Anne de Courcy

Malice and back-stabbing behind Vogue’s glossy exterior

Nina Sophia Miralles’s entertaining history covers a century of high drama at the offices of the world’s top fashion magazine

A Vogue model, 1954. Credit: Horst P. Horst/ Condé Nast via Getty Images 
issue 20 March 2021

‘What job do you want here?’ asked the editor of Vogue, interviewing a young hopeful. From behind her black sunglasses the 24-year-old replied coolly:‘Yours.’ It took time, but she got it. The girl was, of course, Anna Wintour. Now she is the global Vogue supremo and queen of fashion, before whose lightest frown the whole industry quakes, and the magazine is acknowledged to be the top glossy.

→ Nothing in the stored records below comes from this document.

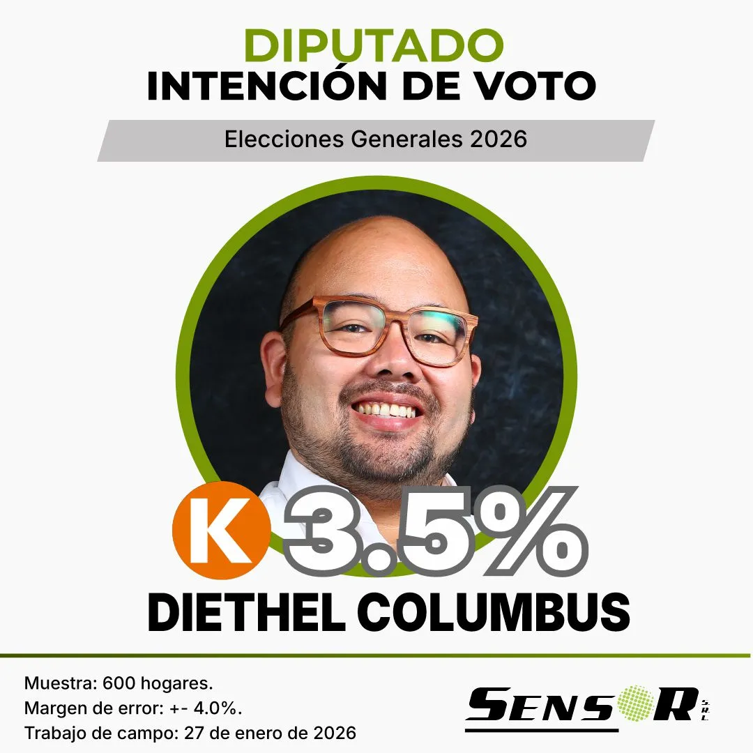 Según los resultados del estudio, Diethell Columbus lidera la intención de voto con 3,5%, seguido por Norma Yarrow y Adriana Tudela, ambas con 3,3%. A continuación se ubican Harvey Colchado (2,8%) y Marie Ayasta (2,7%), conformando un primer grupo de candidaturas con mayor nivel de recordación.
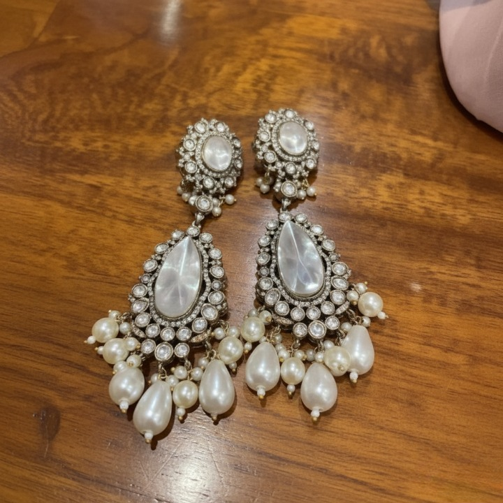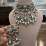 Adorned with Moissanite Polki, CZ diamonds & pearls
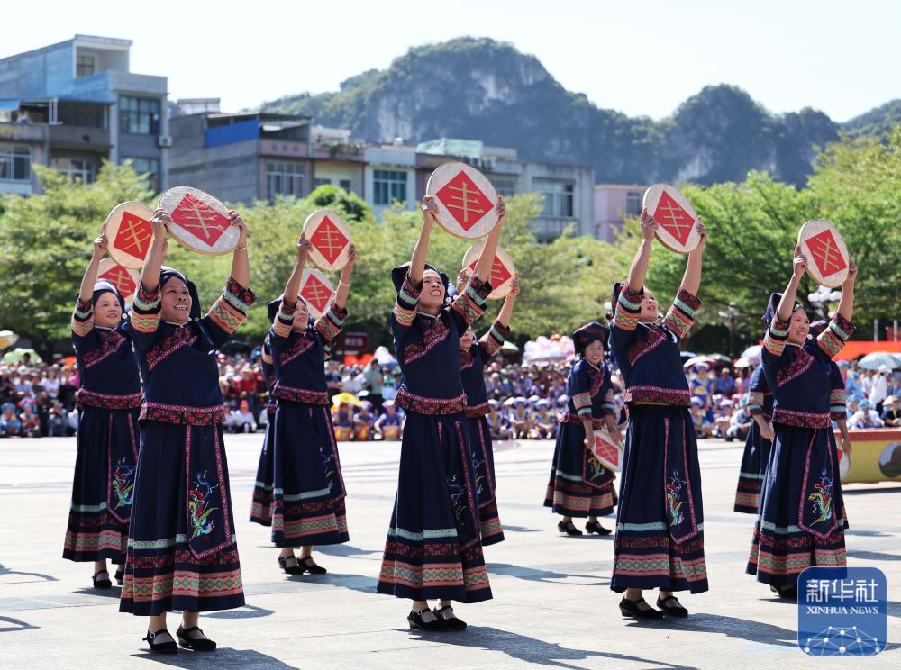 ↑ 10月23日,演员在天等县霜降节开幕活动中表演。
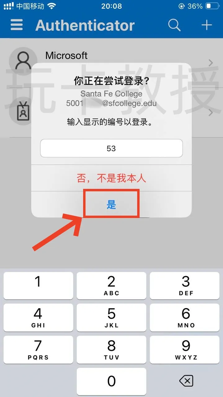 这个时候Microsoft Authenticator,会弹框提示有人尝试登录,我们输入页面显示的53,点击是
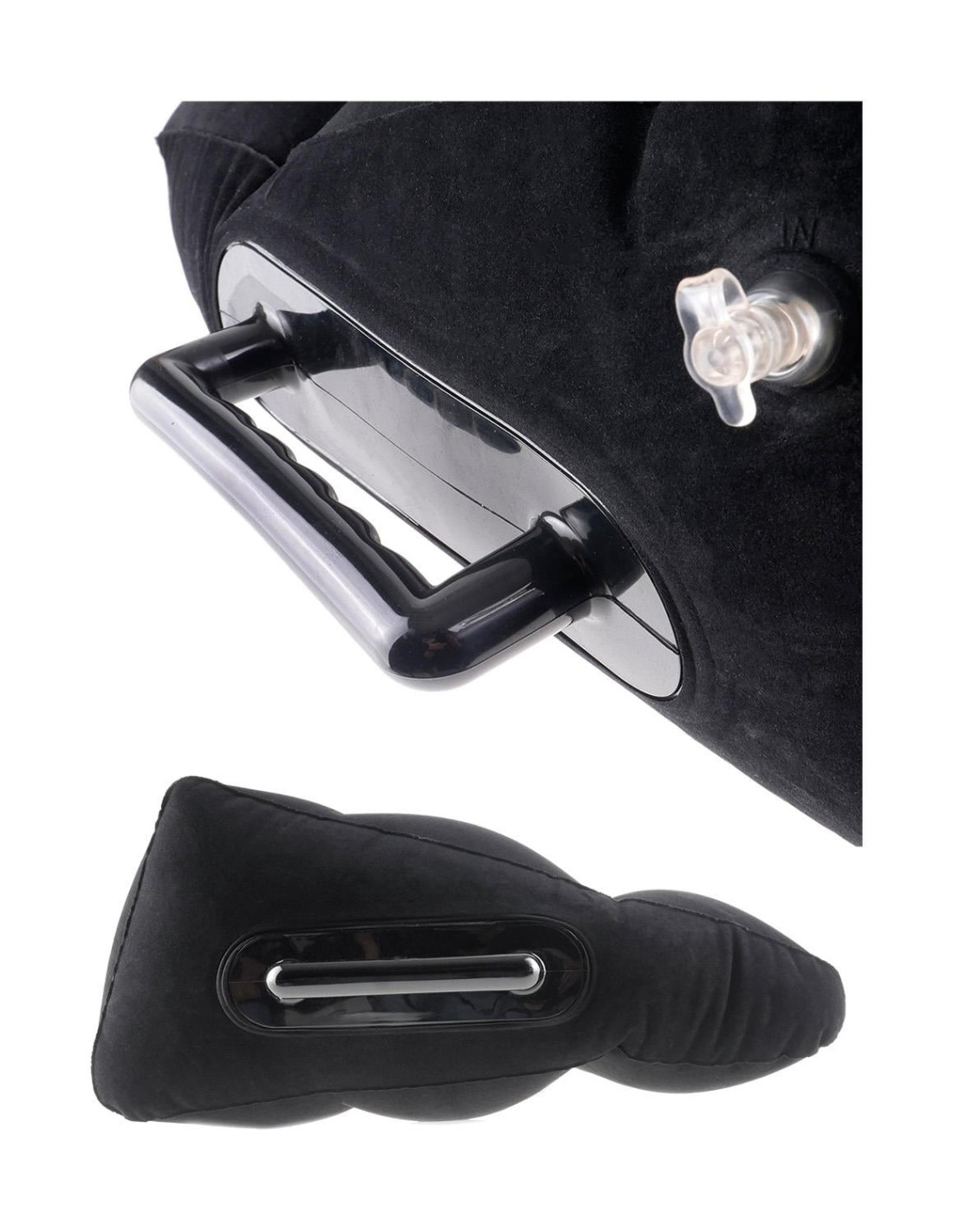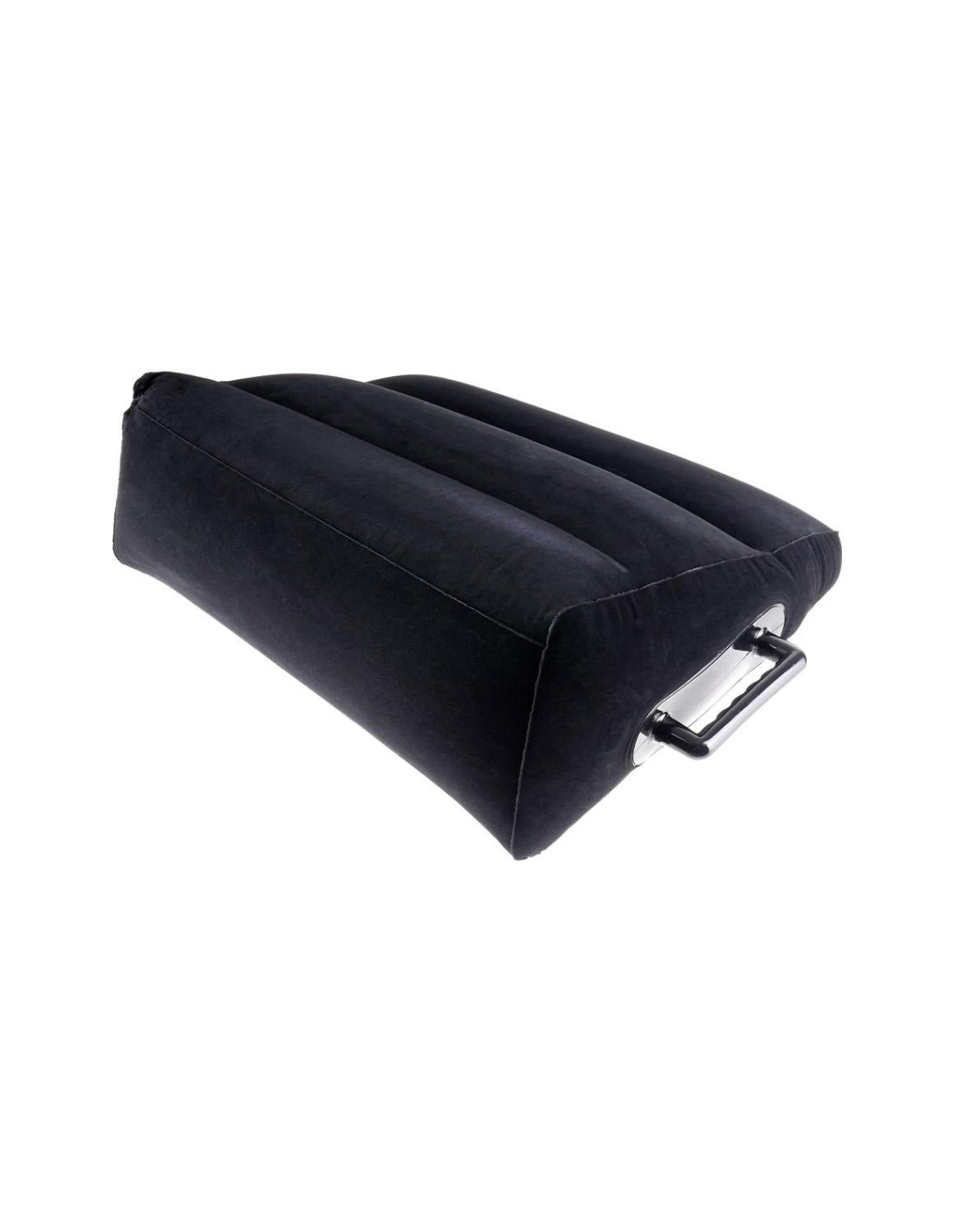 Indulge in your wildest fantasies with this Inflatable Position Master. The slanted, flocked design allows you to relax in any position without sliding off, while the EZ-Grip love handles are perfect for maintaining difficult positions without losing your rhythm. The air seal valve makes inflating the wedge a snap, and when the fun is over, simply deflate the Position Master and it's ready to go where you go. It's perfect for those romantic getaways and no one will know whats in your bag! Do it all with greater ease...no matter what position you're in! And lubricant doesn't even show up on the surface making it easy to clean, too!Holds up to 300 lbs. Inflated dimensions are 8'' tall tapering down to 3'' tall, 16'' long, end to end, and 23'' wide.Includes:Inflatable Position Master with EZ-Grip Handles

Its beginnings were small. It was launched on 17 December 1892, at a cost of ten cents an issue, and its dedicated founder struggled to keep it going. Its first editor was passionate about animals and its second was a female golfer with no previous publishing experience. Not until it was bought by the genius Condé Nast, then at the outset of his career, did Vogue become established. When Nast realised that anyone selling luxury goods had a hard time reaching their market, he arrived at his winning formula: the female-centred, class-based, shiny-paper magazine that lured in the tiny percentage of women who could afford these expensive desirables.